EXERCISE GOAL: Print the data exactly. Pictures stay out.

INFORMATION SHOWN:
──────────────────────────────

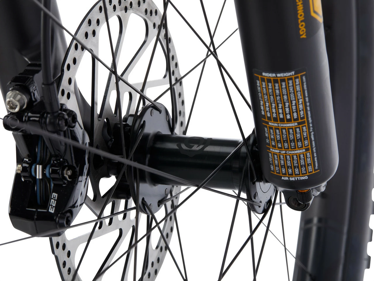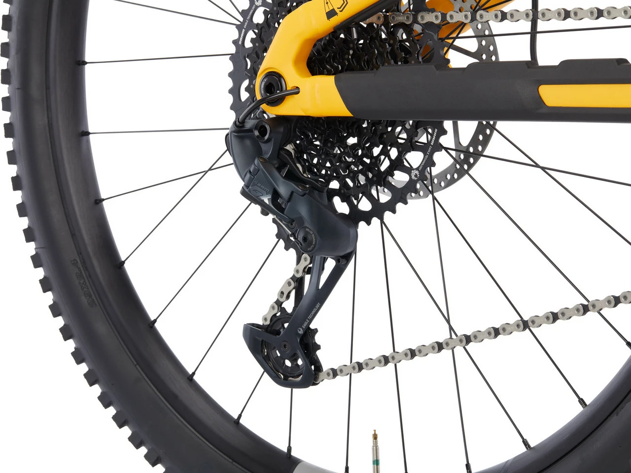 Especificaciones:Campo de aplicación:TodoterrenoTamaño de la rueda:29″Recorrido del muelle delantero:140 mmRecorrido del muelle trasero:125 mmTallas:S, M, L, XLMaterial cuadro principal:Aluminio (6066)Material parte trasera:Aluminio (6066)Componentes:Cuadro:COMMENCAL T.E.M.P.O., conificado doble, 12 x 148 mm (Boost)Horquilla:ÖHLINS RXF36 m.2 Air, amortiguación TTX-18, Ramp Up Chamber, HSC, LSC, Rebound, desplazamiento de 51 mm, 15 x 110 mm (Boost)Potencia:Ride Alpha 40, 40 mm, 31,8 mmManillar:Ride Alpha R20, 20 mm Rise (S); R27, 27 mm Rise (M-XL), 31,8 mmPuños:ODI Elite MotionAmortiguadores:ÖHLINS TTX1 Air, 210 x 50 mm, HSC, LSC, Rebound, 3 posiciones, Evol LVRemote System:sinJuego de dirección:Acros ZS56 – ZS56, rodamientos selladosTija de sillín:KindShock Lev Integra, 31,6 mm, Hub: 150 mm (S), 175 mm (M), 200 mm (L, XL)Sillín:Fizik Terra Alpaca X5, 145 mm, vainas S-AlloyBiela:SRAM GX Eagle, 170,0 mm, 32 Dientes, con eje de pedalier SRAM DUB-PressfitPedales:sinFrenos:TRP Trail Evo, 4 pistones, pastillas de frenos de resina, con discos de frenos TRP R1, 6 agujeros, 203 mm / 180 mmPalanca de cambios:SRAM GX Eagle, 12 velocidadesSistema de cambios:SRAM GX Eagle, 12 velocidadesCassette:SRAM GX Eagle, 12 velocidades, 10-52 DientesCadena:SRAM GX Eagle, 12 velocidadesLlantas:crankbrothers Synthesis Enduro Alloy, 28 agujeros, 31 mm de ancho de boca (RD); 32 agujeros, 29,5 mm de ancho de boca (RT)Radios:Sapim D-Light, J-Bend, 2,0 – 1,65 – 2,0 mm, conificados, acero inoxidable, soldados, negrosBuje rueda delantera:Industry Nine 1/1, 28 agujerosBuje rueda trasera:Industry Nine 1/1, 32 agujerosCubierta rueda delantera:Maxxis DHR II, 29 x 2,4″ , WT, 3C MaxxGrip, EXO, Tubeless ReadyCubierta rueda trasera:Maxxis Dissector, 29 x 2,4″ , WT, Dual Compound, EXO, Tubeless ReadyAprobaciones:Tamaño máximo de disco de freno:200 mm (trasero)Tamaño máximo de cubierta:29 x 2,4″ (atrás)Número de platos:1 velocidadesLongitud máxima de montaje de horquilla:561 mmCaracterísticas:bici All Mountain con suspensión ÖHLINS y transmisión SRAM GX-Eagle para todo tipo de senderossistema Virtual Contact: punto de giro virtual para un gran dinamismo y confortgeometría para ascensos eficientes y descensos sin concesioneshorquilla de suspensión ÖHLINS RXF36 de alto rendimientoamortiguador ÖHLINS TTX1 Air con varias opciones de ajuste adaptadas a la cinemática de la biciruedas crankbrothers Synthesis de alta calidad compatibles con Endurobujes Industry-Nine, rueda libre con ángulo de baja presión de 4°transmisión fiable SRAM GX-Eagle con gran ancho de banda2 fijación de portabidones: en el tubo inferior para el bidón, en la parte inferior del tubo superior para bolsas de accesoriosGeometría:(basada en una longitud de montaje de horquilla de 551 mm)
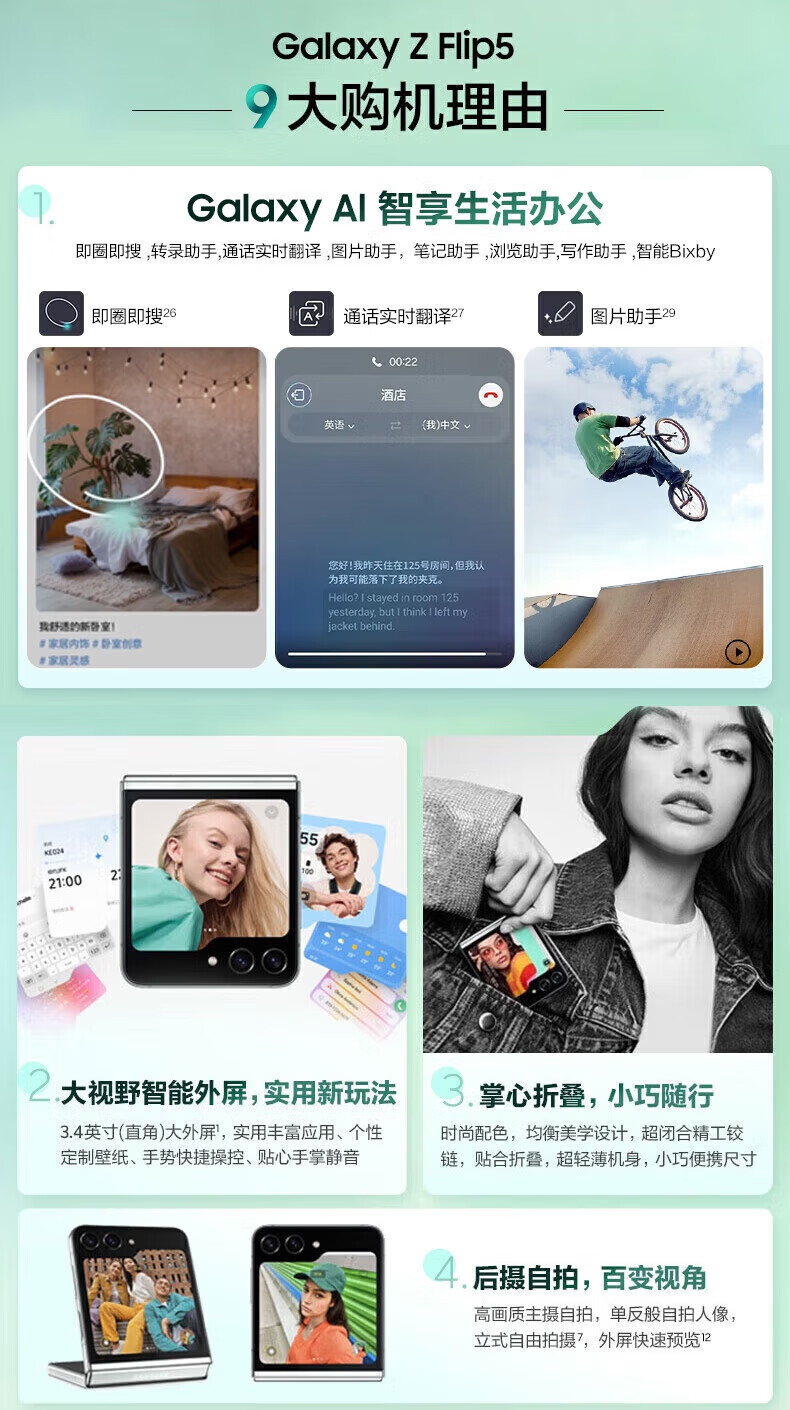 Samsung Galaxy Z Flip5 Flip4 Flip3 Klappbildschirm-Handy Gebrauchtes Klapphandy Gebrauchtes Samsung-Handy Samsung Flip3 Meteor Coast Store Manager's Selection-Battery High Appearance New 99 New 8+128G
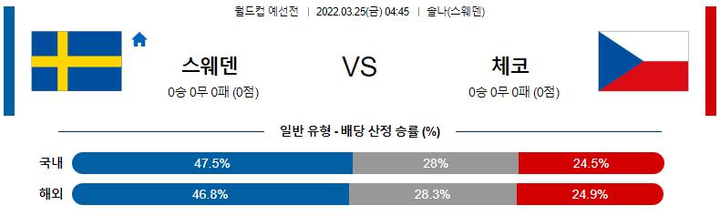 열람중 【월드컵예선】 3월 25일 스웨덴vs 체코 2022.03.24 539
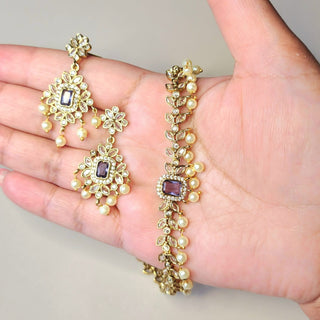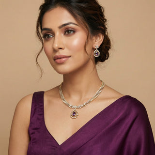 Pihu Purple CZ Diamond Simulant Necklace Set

──────────────────────────────

REPLY TO THE TASK:
 Especificaciones:Campo de aplicación:TodoterrenoTamaño de la rueda:29″Recorrido del muelle delantero:140 mmRecorrido del muelle trasero:125 mmTallas:S, M, L, XLMaterial cuadro principal:Aluminio (6066)Material parte trasera:Aluminio (6066)Componentes:Cuadro:COMMENCAL T.E.M.P.O., conificado doble, 12 x 148 mm (Boost)Horquilla:ÖHLINS RXF36 m.2 Air, amortiguación TTX-18, Ramp Up Chamber, HSC, LSC, Rebound, desplazamiento de 51 mm, 15 x 110 mm (Boost)Potencia:Ride Alpha 40, 40 mm, 31,8 mmManillar:Ride Alpha R20, 20 mm Rise (S); R27, 27 mm Rise (M-XL), 31,8 mmPuños:ODI Elite MotionAmortiguadores:ÖHLINS TTX1 Air, 210 x 50 mm, HSC, LSC, Rebound, 3 posiciones, Evol LVRemote System:sinJuego de dirección:Acros ZS56 – ZS56, rodamientos selladosTija de sillín:KindShock Lev Integra, 31,6 mm, Hub: 150 mm (S), 175 mm (M), 200 mm (L, XL)Sillín:Fizik Terra Alpaca X5, 145 mm, vainas S-AlloyBiela:SRAM GX Eagle, 170,0 mm, 32 Dientes, con eje de pedalier SRAM DUB-PressfitPedales:sinFrenos:TRP Trail Evo, 4 pistones, pastillas de frenos de resina, con discos de frenos TRP R1, 6 agujeros, 203 mm / 180 mmPalanca de cambios:SRAM GX Eagle, 12 velocidadesSistema de cambios:SRAM GX Eagle, 12 velocidadesCassette:SRAM GX Eagle, 12 velocidades, 10-52 DientesCadena:SRAM GX Eagle, 12 velocidadesLlantas:crankbrothers Synthesis Enduro Alloy, 28 agujeros, 31 mm de ancho de boca (RD); 32 agujeros, 29,5 mm de ancho de boca (RT)Radios:Sapim D-Light, J-Bend, 2,0 – 1,65 – 2,0 mm, conificados, acero inoxidable, soldados, negrosBuje rueda delantera:Industry Nine 1/1, 28 agujerosBuje rueda trasera:Industry Nine 1/1, 32 agujerosCubierta rueda delantera:Maxxis DHR II, 29 x 2,4″ , WT, 3C MaxxGrip, EXO, Tubeless ReadyCubierta rueda trasera:Maxxis Dissector, 29 x 2,4″ , WT, Dual Compound, EXO, Tubeless ReadyAprobaciones:Tamaño máximo de disco de freno:200 mm (trasero)Tamaño máximo de cubierta:29 x 2,4″ (atrás)Número de platos:1 velocidadesLongitud máxima de montaje de horquilla:561 mmCaracterísticas:bici All Mountain con suspensión ÖHLINS y transmisión SRAM GX-Eagle para todo tipo de senderossistema Virtual Contact: punto de giro virtual para un gran dinamismo y confortgeometría para ascensos eficientes y descensos sin concesioneshorquilla de suspensión ÖHLINS RXF36 de alto rendimientoamortiguador ÖHLINS TTX1 Air con varias opciones de ajuste adaptadas a la cinemática de la biciruedas crankbrothers Synthesis de alta calidad compatibles con Endurobujes Industry-Nine, rueda libre con ángulo de baja presión de 4°transmisión fiable SRAM GX-Eagle con gran ancho de banda2 fijación de portabidones: en el tubo inferior para el bidón, en la parte inferior del tubo superior para bolsas de accesoriosGeometría:(basada en una longitud de montaje de horquilla de 551 mm)
 Samsung Galaxy Z Flip5 Flip4 Flip3 Klappbildschirm-Handy Gebrauchtes Klapphandy Gebrauchtes Samsung-Handy Samsung Flip3 Meteor Coast Store Manager's Selection-Battery High Appearance New 99 New 8+128G
 열람중 【월드컵예선】 3월 25일 스웨덴vs 체코 2022.03.24 539
 Pihu Purple CZ Diamond Simulant Necklace Set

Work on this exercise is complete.